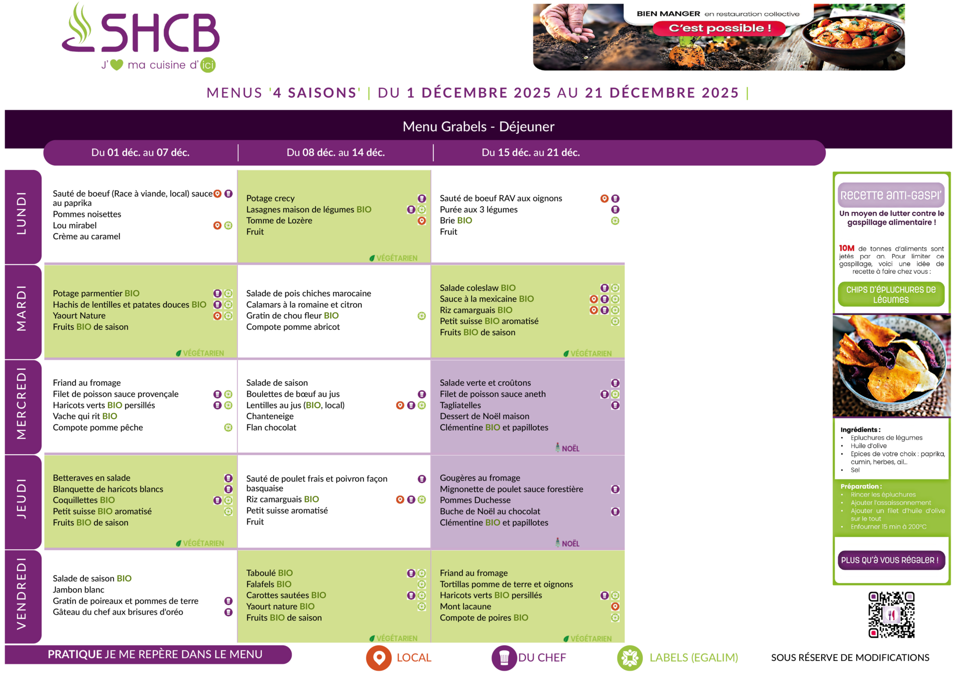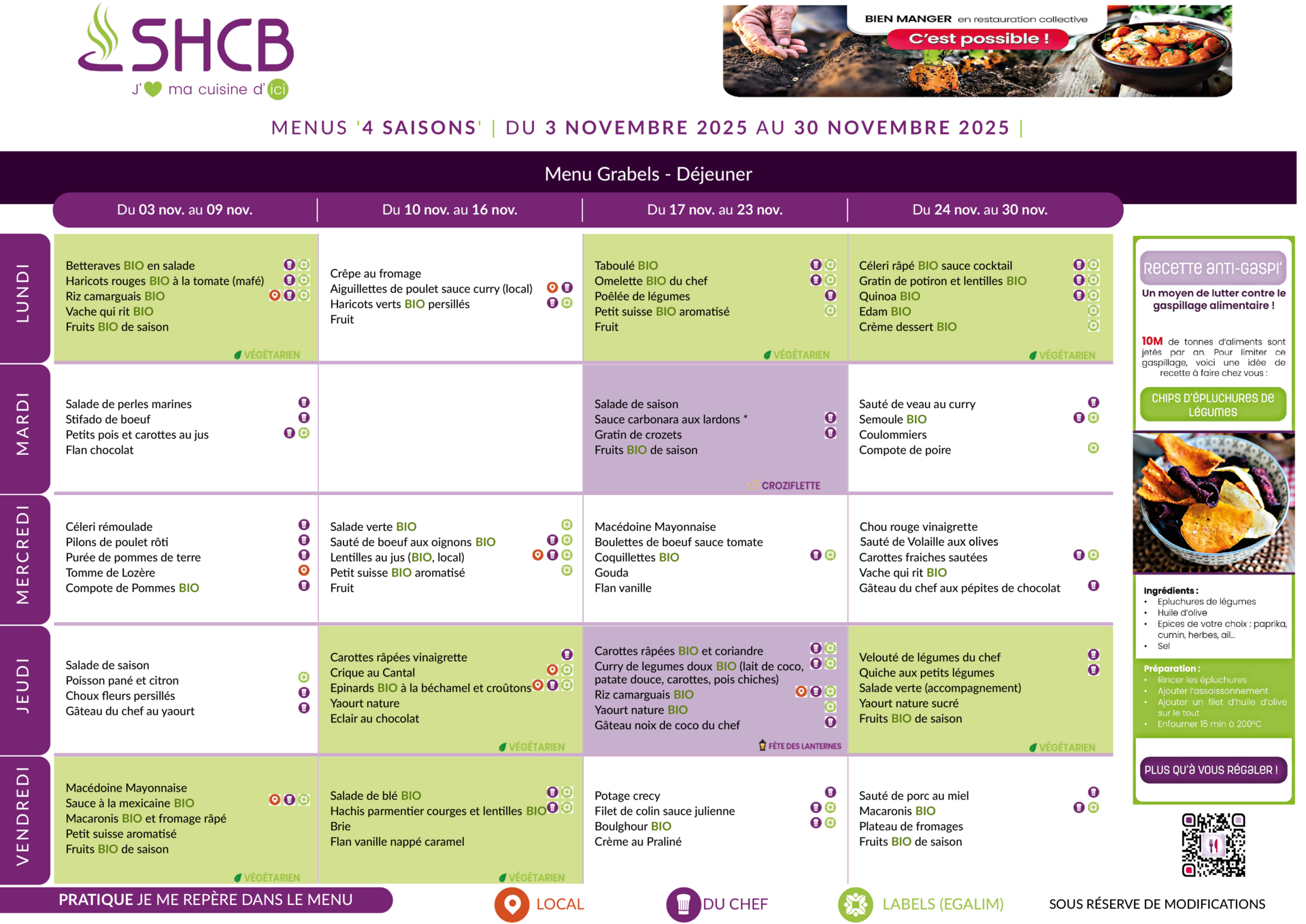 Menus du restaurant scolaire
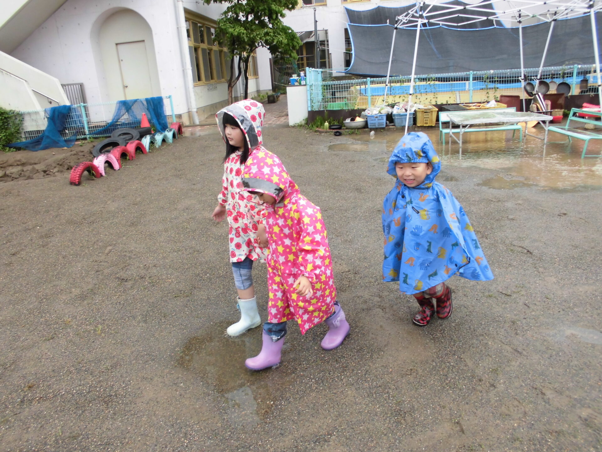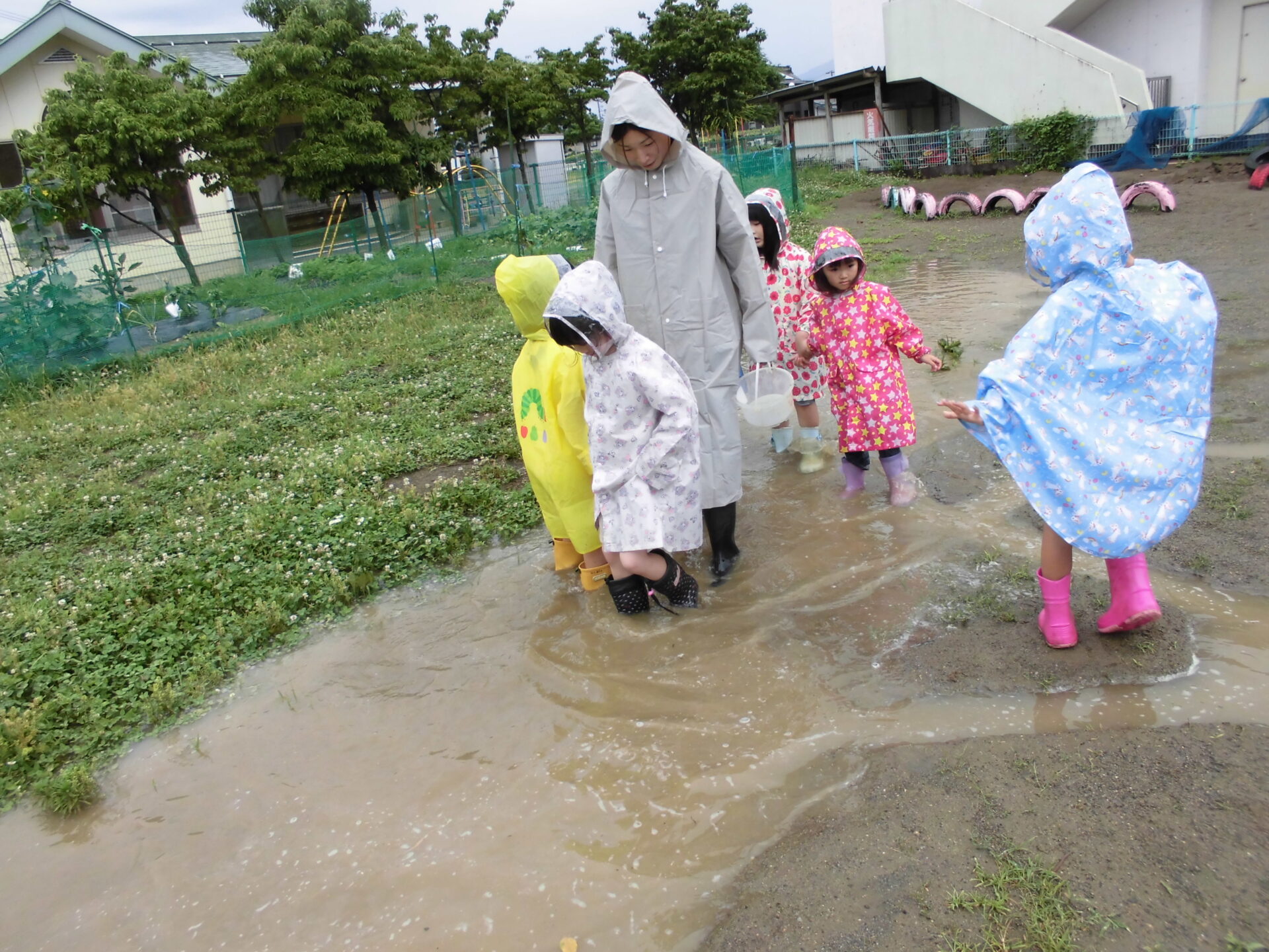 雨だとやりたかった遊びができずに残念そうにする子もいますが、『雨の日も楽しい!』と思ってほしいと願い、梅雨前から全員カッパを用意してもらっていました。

• • • • • • •

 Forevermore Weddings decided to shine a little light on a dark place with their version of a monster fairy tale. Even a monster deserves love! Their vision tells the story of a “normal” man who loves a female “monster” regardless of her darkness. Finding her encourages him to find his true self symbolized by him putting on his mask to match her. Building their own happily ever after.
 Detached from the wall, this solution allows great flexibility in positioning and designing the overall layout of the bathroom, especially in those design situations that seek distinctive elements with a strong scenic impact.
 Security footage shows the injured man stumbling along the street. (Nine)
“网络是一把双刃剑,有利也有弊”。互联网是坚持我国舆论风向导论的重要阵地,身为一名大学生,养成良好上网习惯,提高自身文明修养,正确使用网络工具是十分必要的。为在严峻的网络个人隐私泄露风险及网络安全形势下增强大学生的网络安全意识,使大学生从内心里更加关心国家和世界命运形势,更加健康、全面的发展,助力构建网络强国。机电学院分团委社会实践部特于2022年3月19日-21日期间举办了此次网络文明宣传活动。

• • • • • • •

INSTRUCTIONS TO FOLLOW: Using the entries above, repeat exactly the lines from the one with "Menus du restaurant scolaire" to the one with "雨だとやりたかった遊びができ", both included, and leave the pictures behind.

TASK RESPONSE:
 Menus du restaurant scolaire
 雨だとやりたかった遊びができずに残念そうにする子もいますが、『雨の日も楽しい!』と思ってほしいと願い、梅雨前から全員カッパを用意してもらっていました。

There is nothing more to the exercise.